##### INFORMATION GIVEN

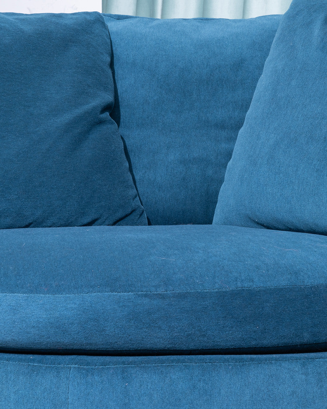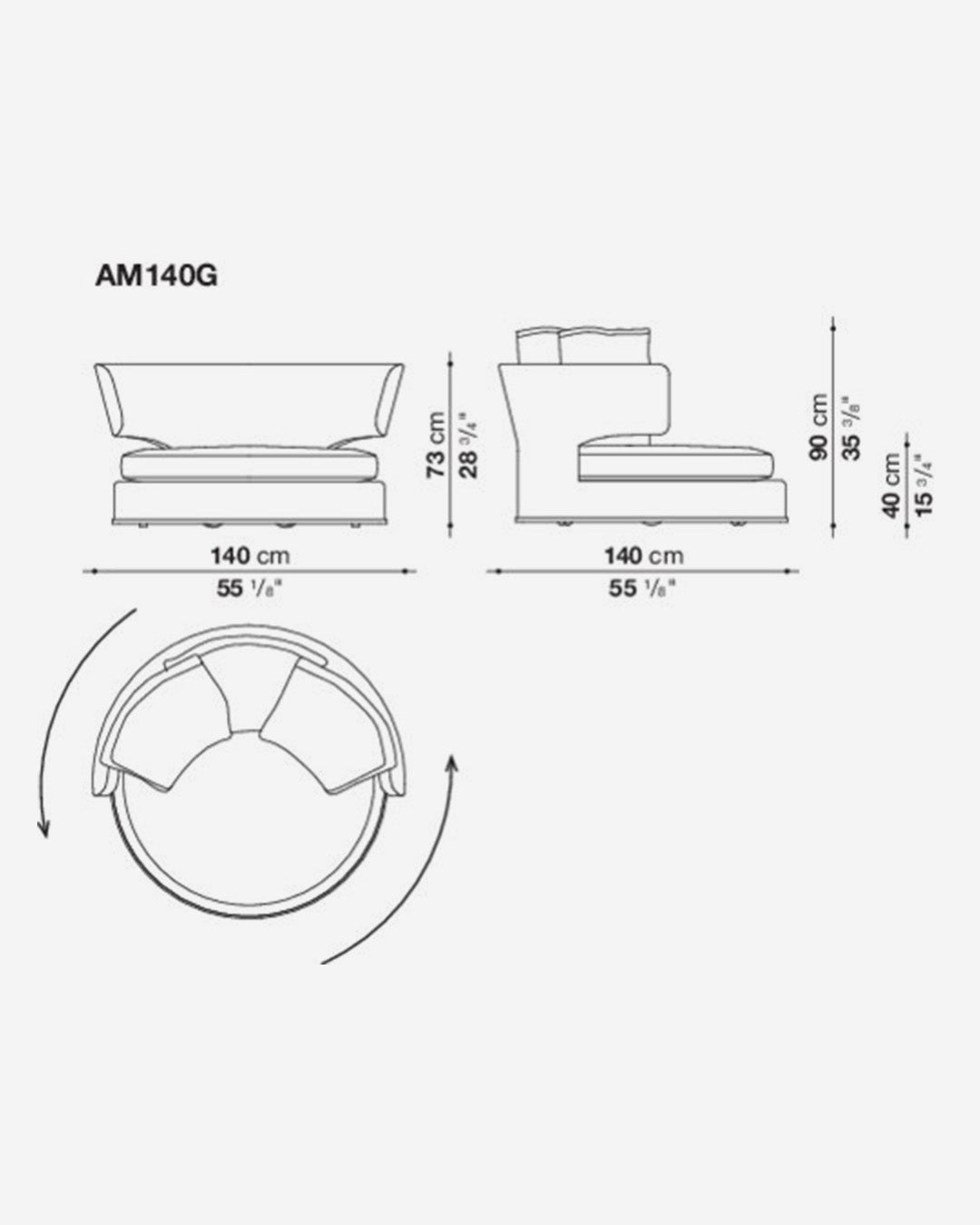 The perfectly round shape with partial backrest and movable cushions makes it an ideal element to be placed in the centre of the room , where it can rotate freely on itself thanks to the integrated swivel base , making movement part of the seating experience.
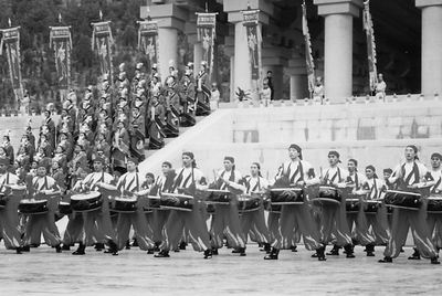 往年鳴放禮炮34響將改為“鳴鐘9響擊鼓34咚”(“9”是中華民族傳統(tǒng)最高禮數(shù),“34”代表全國34個(gè)省、市、自治區(qū)、特別行政區(qū))。所擊的一口2.73噸的金代大鐵鐘已在殿前懸架完畢。(韓宏)
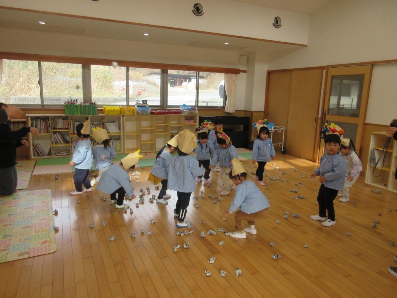 その後0~2歳児は各クラスで、3~5歳児は遊戯室で豆まきをして、心の中のオニをやっつけましたよ✨
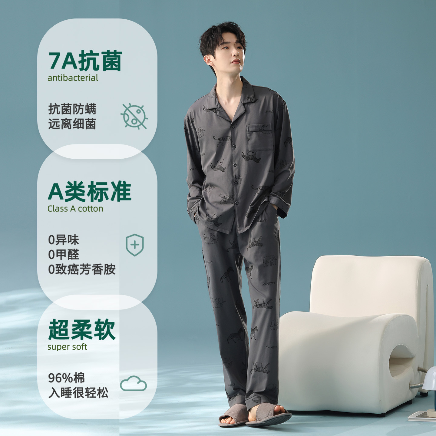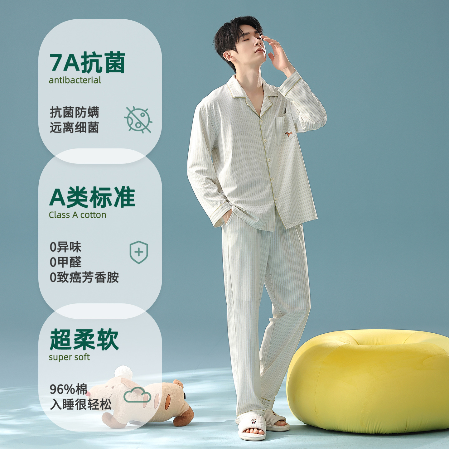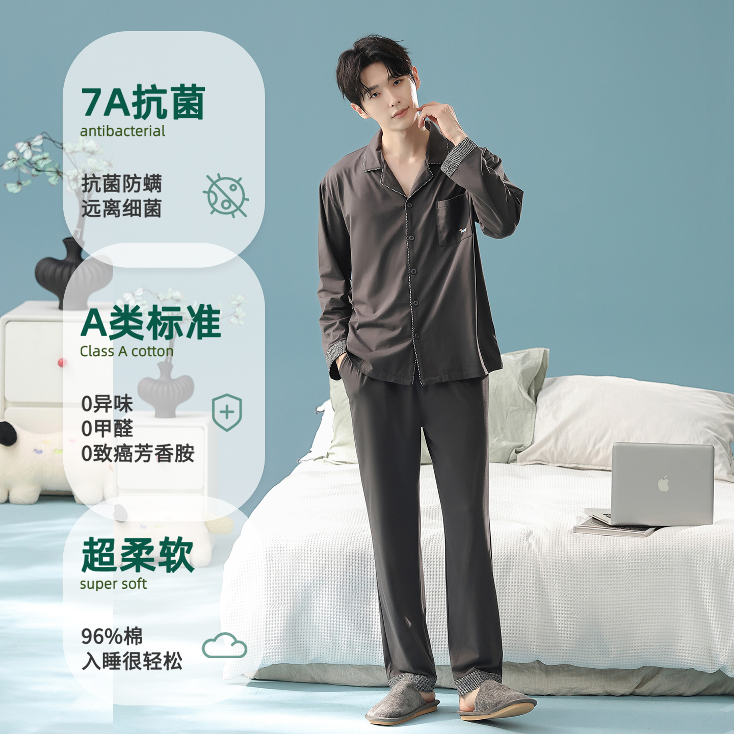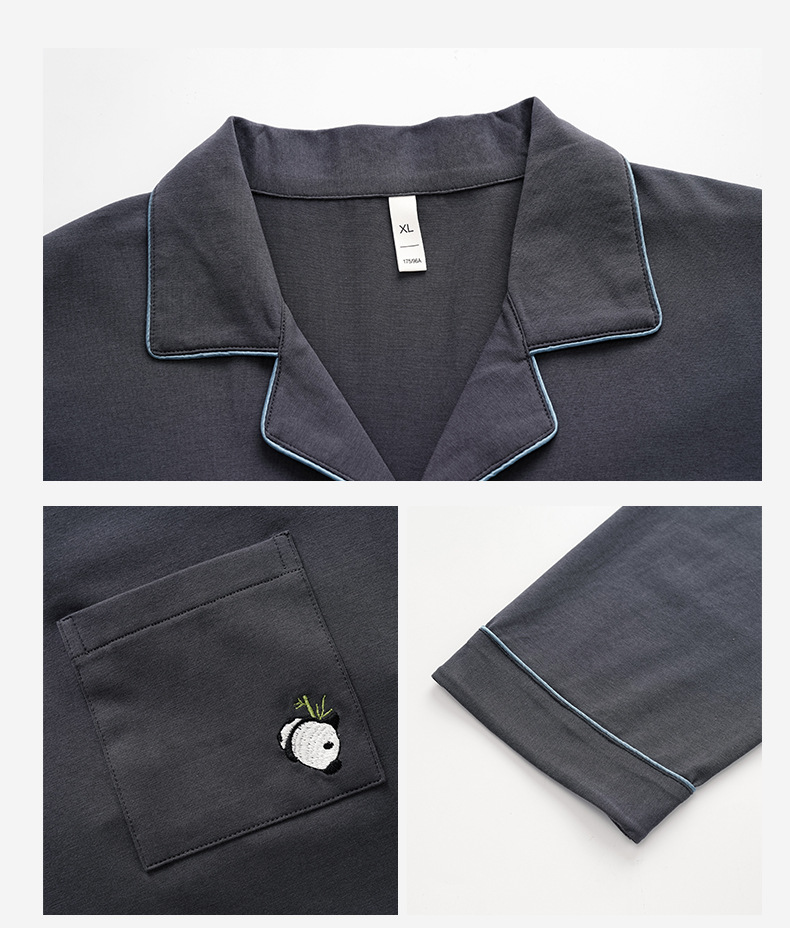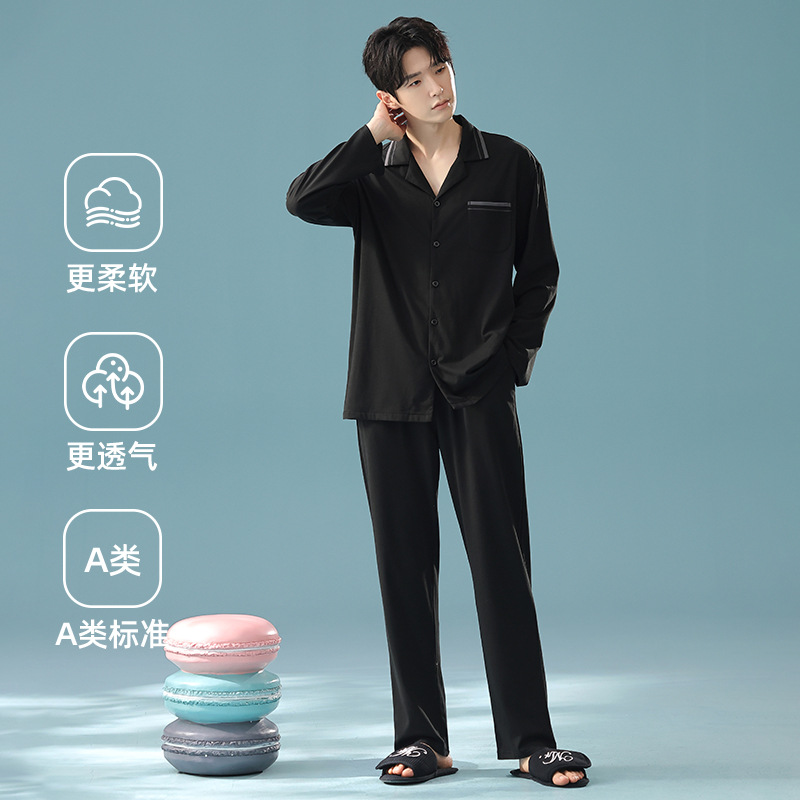 잠옷 남자의 봄과 가을 면 긴 소매 [항균성 신장면] 옷깃 면 남자의 집 옷 가을과 겨울 세트
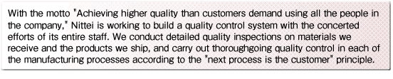 Product quality is the element Nittei regards as most important in the manufacture of its own brand and OEM products, as well as vibration and tilt sensors. We believe it is most important for us to always attain a level of quality that is higher than customers demand. Thus, we have introduced a non-touch image-measuring machine, and our specialized technical staff strictly conducts acceptance inspections of parts and shipment inspections of products, processing the inspection data using personal computers. In each of the manufacturing processes, our production staff also controls quality from a high-level sense of quality, and all of our people work together to maintain a perfect quality control system.
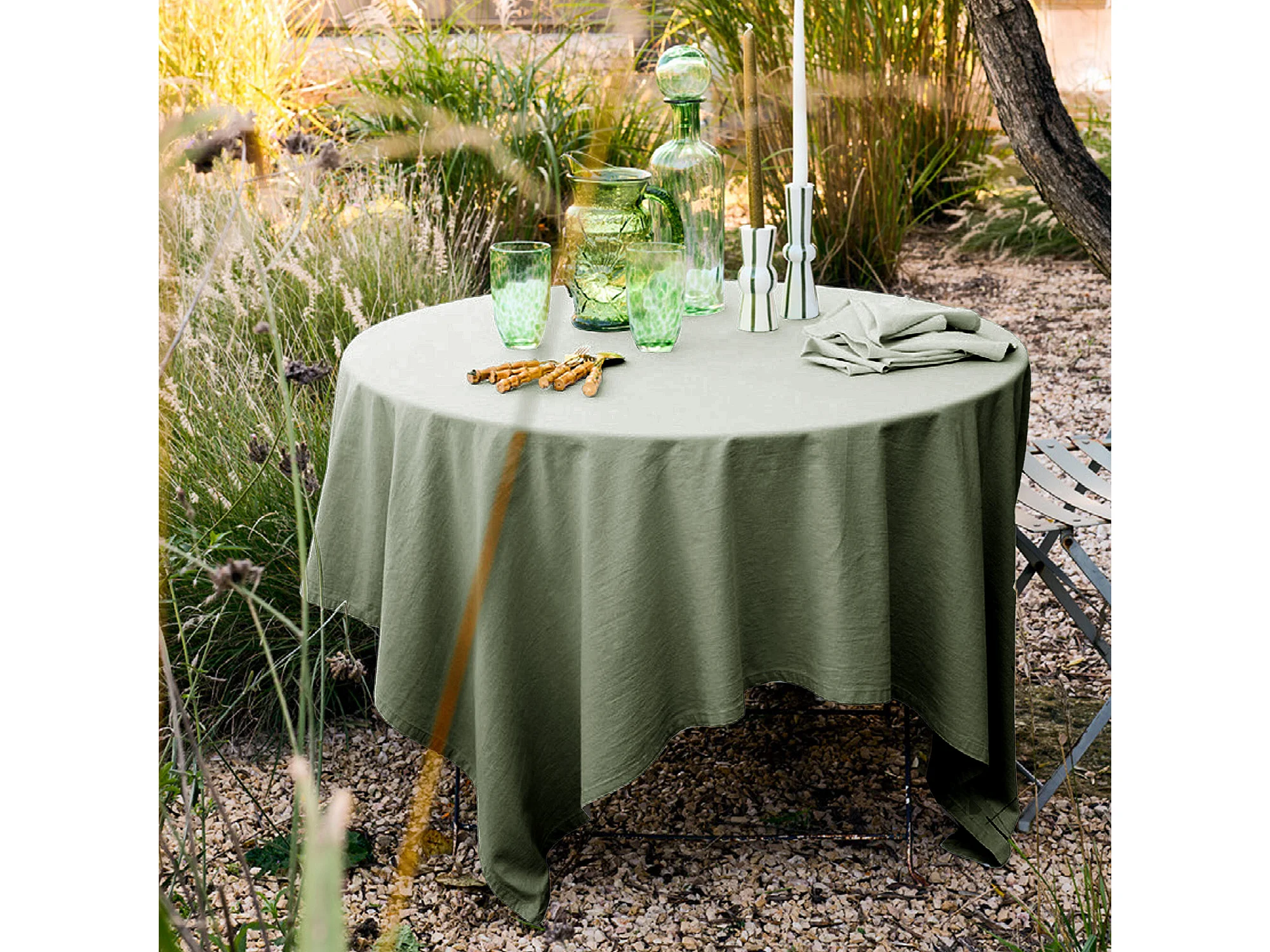 Nappe rectangulaire lin et coton 170X300 cm MATTIS vert mousse
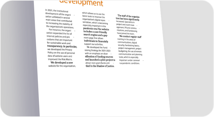 Organizational development In 2021, the institutional which allows us to use the - development of the organi - latest tools to improve the zation unfolded in several organization’s digital repre - increased. Specialists in main areas that contributed sentation, which is becoming project and event man - to increasing the stability of especially important in the agement, PR and commu - the organization’s operations. nications, and fundraising For instance, the organi - have joined the team. zation expanded the list of - internal policies and pro - ment page that allows training in the areas of cedures that are important communications, digital for sustainable work and support our activities. security, fundraising basics, We developed the Fund - project management, project we developed the Privacy raising Strategy for 2021-2023 budgeting, the use of remote Policy on the use of personal with an emphasis on diver - communication and planning data of website users and tools, which is especially improved the Risk Matrix. important under coronavi - attract non-grant funds enti - rus pandemic conditions. website for the organization,
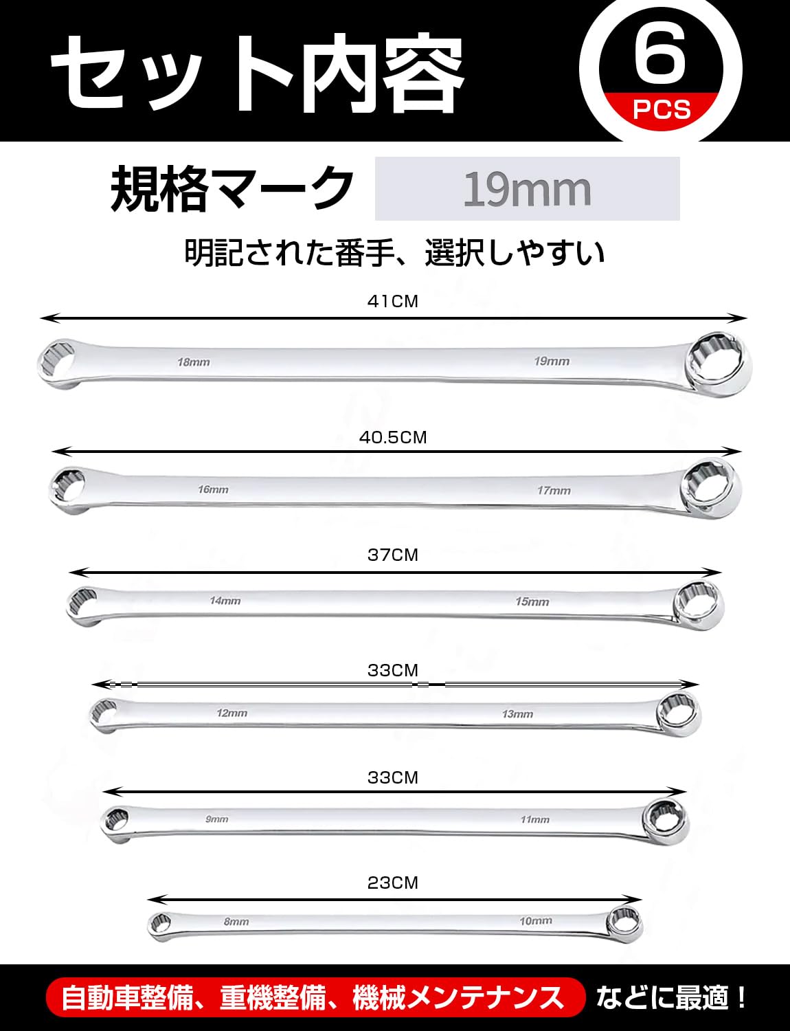 AOSEL メガネレンチ 超ロングストレート メガネレンチセット ミラー仕上げ 六本組 収納ケース付き

##########

→ WORK TO BE COMPLETED:
Transcribe the lines above exactly, setting aside any picture among them.

→ WRITTEN ANSWER:
 The perfectly round shape with partial backrest and movable cushions makes it an ideal element to be placed in the centre of the room , where it can rotate freely on itself thanks to the integrated swivel base , making movement part of the seating experience.
 往年鳴放禮炮34響將改為“鳴鐘9響擊鼓34咚”(“9”是中華民族傳統(tǒng)最高禮數(shù),“34”代表全國34個(gè)省、市、自治區(qū)、特別行政區(qū))。所擊的一口2.73噸的金代大鐵鐘已在殿前懸架完畢。(韓宏)
 その後0~2歳児は各クラスで、3~5歳児は遊戯室で豆まきをして、心の中のオニをやっつけましたよ✨
 잠옷 남자의 봄과 가을 면 긴 소매 [항균성 신장면] 옷깃 면 남자의 집 옷 가을과 겨울 세트
 Product quality is the element Nittei regards as most important in the manufacture of its own brand and OEM products, as well as vibration and tilt sensors. We believe it is most important for us to always attain a level of quality that is higher than customers demand. Thus, we have introduced a non-touch image-measuring machine, and our specialized technical staff strictly conducts acceptance inspections of parts and shipment inspections of products, processing the inspection data using personal computers. In each of the manufacturing processes, our production staff also controls quality from a high-level sense of quality, and all of our people work together to maintain a perfect quality control system.
 Nappe rectangulaire lin et coton 170X300 cm MATTIS vert mousse
 Organizational development In 2021, the institutional which allows us to use the - development of the organi - latest tools to improve the zation unfolded in several organization’s digital repre - increased. Specialists in main areas that contributed sentation, which is becoming project and event man - to increasing the stability of especially important in the agement, PR and commu - the organization’s operations. nications, and fundraising For instance, the organi - have joined the team. zation expanded the list of - internal policies and pro - ment page that allows training in the areas of cedures that are important communications, digital for sustainable work and support our activities. security, fundraising basics, We developed the Fund - project management, project we developed the Privacy raising Strategy for 2021-2023 budgeting, the use of remote Policy on the use of personal with an emphasis on diver - communication and planning data of website users and tools, which is especially improved the Risk Matrix. important under coronavi - attract non-grant funds enti - rus pandemic conditions. website for the organization,
 AOSEL メガネレンチ 超ロングストレート メガネレンチセット ミラー仕上げ 六本組 収納ケース付き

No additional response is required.